When Annie Clyde obeyed Silver hurried down the stairs, taking the lamp with her into the kitchen. In there the walls were sooty from the woodstove, the mildewed curtains hanging limp. She found nothing much in the larder besides a sack of meal and a stack of newspapers for lighting cook fires. She flung open the cupboard doors, loose on their rusty hinges. Finally she yanked back the skirt under the sink basin and found what she had been rummaging for. An old bootleg jar of her own chartered whiskey, half gone from many seasons of treating croups and fevers. She remembered this batch by the beryl-colored glass. Dandelion, horsetail, nettle and birch leaves. She went back upstairs with the lamp in one hand and the medicine in the other, the risers groaning under her shoes. She paused in the doorway watching Annie Clyde breathe. She was reminded too much of the night Mary died, when she came into this same room with her teeth rattling in the February cold. Only now it was too hot. She put down the lamp on the bedside table and opened the window. Then she went to the bed and sat on the edge. “Here,” she said, propping the back of Annie Clyde’s head to let her drink. “Take you a few sups of this.”

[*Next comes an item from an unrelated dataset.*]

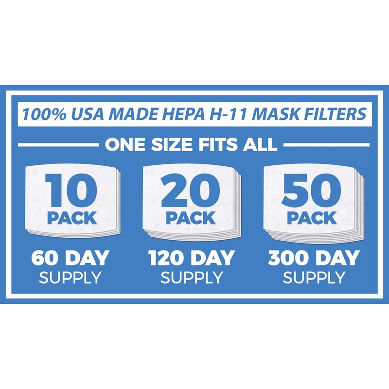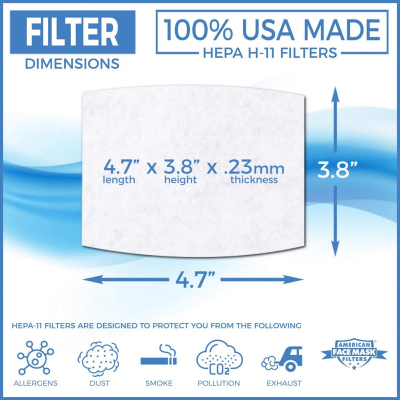 - HIGHEST-QUALITY MATERIALS: Our 100% USA Made Melt-blow HEPA H-11 Filters ARE NOT THE PM2.5 FILTERS COMING OUT OF CHINA. Our filtration is the same as N95, nearly twice the filtration of PM2.5 filters.

Annie Clyde grimaced but didn’t protest, although the whiskey was strong. At Silver’s urging, she took several long gulps before falling back on the pillows. As Annie Clyde rested Silver listened to the weather outside. Studying her own distorted reflection in the windowpanes she began to talk, not knowing at first what would come out. “I won’t ask you to forgive me,” she said. “For none of this.” She stole a glance at Annie Clyde. The girl’s eyes were open but they seemed unfocused. “I hope you’re listening to me. Because I don’t believe I can tell it twice.”